La concepción previa de una sociedad individualista en la que el otro es contagioso o peligroso se materializa. Y contamina la visión del sí mismo: “yo soy potencialmente contagioso o peligroso, o sea, culpable”. Una cuarentena de enfermos y sanos transforma a todos en potenciales enfermos o enfermantes. Poner a toda la humanidad en cuarentena obligatoria es posible porque la humanidad globalizada ya viene entrenada a las respuestas masivas, uniformes, dirigidas, calculadas. Esta vez la consigna es unificada, no selectiva según el nivel socioeconómico del receptor. Porque la consigna es para todos: cuidarse del contagio de un virus altamente peligroso por la rapidez de su transmisión.

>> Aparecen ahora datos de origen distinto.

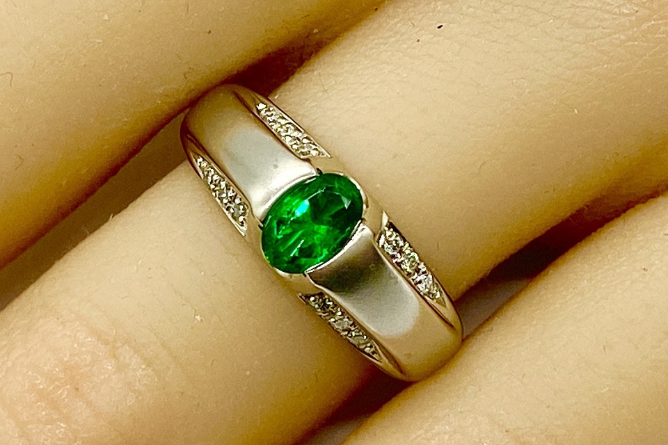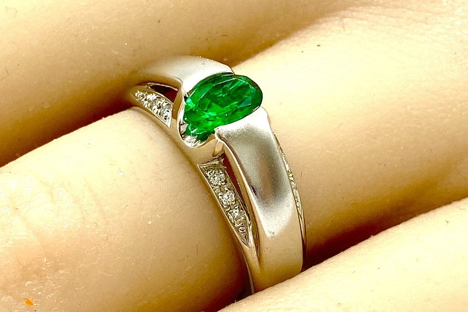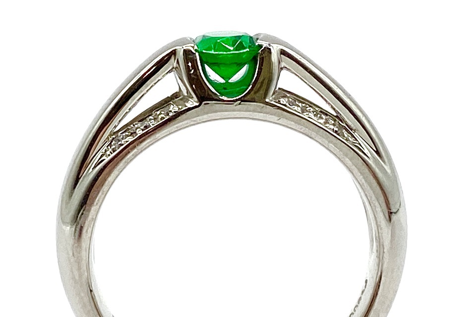 | 解説 | 煌めき感が素晴らしいヴィヴィッドグリーンのエメラルド。その美しさをフェイスアップのみならず、側面から楽しめるよう設計されたデザインです。小粒でも大いなる魅力のスケールに、心がたっぷりと満たされます。 |

La efectiva reacción de un Estado en indicar el aislamiento cuando resulta la única respuesta posible evita el desastre de un contagio incontrolable. Pero no podemos dejar de inquietarnos ante el destino futuro de esta práctica. Porque más allá de las consideraciones sanitarias, podemos vislumbrar que el hombre aislado es más fácil de controlar y manejar. La desconfianza y la denuncia se ponen al orden del día tiñendo las interacciones cotidianas. La convicción de estar luchando contra el virus desde el encierro, como una gesta patria gloriosa, es un modo de negar que esta detención implacable de las agendas, esta “desaceleración” radical, es consecuencia de que la conducción planetaria no ha tomado a tiempo las medidas para evitarla. Y que estamos padeciendo las consecuencias, no como héroes ni culpables por no haber sabido lavarnos las manos. Sino como víctimas.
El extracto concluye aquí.